= William Hutchins Callcott =

English composer and organist

William Hutchins Callcott (1807 – 5 August 1882) was an English organist, composer and arranger of music.

==Life==
Callcott, born in Kensington in 1807, was a younger son of the musician John Wall Callcott, and nephew of the painter Augustus Wall Callcott. As a child he received some instruction from his father, and later continued his studies under his brother-in-law, William Horsley. On 4 July 1830 he was elected a member of the Royal Society of Musicians.
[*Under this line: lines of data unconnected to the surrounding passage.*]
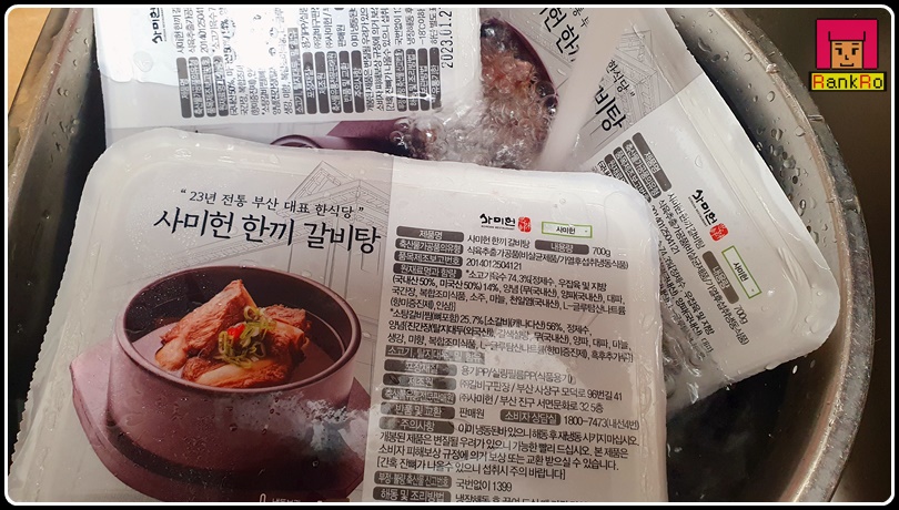 ▼ 사미헌 갈비탕은 냉동식품으로 냉장고에서 해동된 뒤 끓여 먹을 때 가장 맛있는 갈비탕을 먹을 수 있다고 합니다. 냉장보관으로 해동된 뒤 끓여 먹고 싶었지만 택배 온 날 바로 먹기 위해 찬물에 담가 해동시켰습니다. 냉동상태에서 바로 끓여도 맛은 비슷하지만 더 맛있게 드시고 싶다면 냉장고에 보관하시다 끓여 드시는 걸 추천드려요.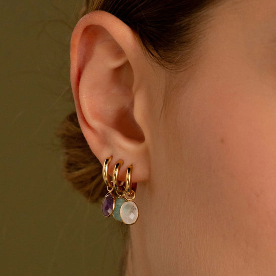 Boucles d'oreilles type créoles en acier inoxydable ornées d'un pendentif en pierre naturelle ovale taillée.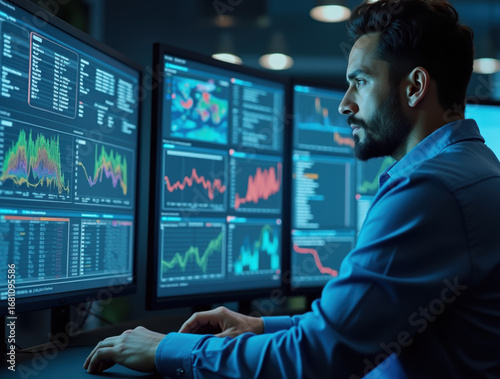 Cybersecurity analyst monitoring a digital dashboard in a high-tech control room

Callcott was for some years organist of Ely Place Chapel, and was the composer and arranger of songs and glees. In the latter part of his life he suffered much from ill-health. He died in Kensington on 5 August 1882, and was buried on the 9 August at Kensal Green Cemetery.

He married Mary Stuart. Their son, Robert Stuart Callcott (1851–1886), showed great promise as an organist and musician but died in the spring of 1886 at an early age. Their daughter Emma Stuart Callcott married the Irish painter George Bernard O'Neill. Their son was the composer Norman O'Neill.

==Publications==
Callcott published in 1836 an abridgement of his father's Musical Grammar, in 1840 a collection of psalm and hymn tunes for Edward Bickersteth's Christian Psalmody, and in 1843 The Child's own Singing Book. In the latter work he was assisted by his wife Maria, who was the author of religious stories. In 1851 he published Remarks on the Royal Albert Piano (exhibited at the International Exhibition of that year), and in 1859 A few Facts on the Life of Handel.

Callcott composed several songs, glees, and anthems, but his name was principally known by his arrangements and transcriptions for the piano, which amount to many hundred pieces.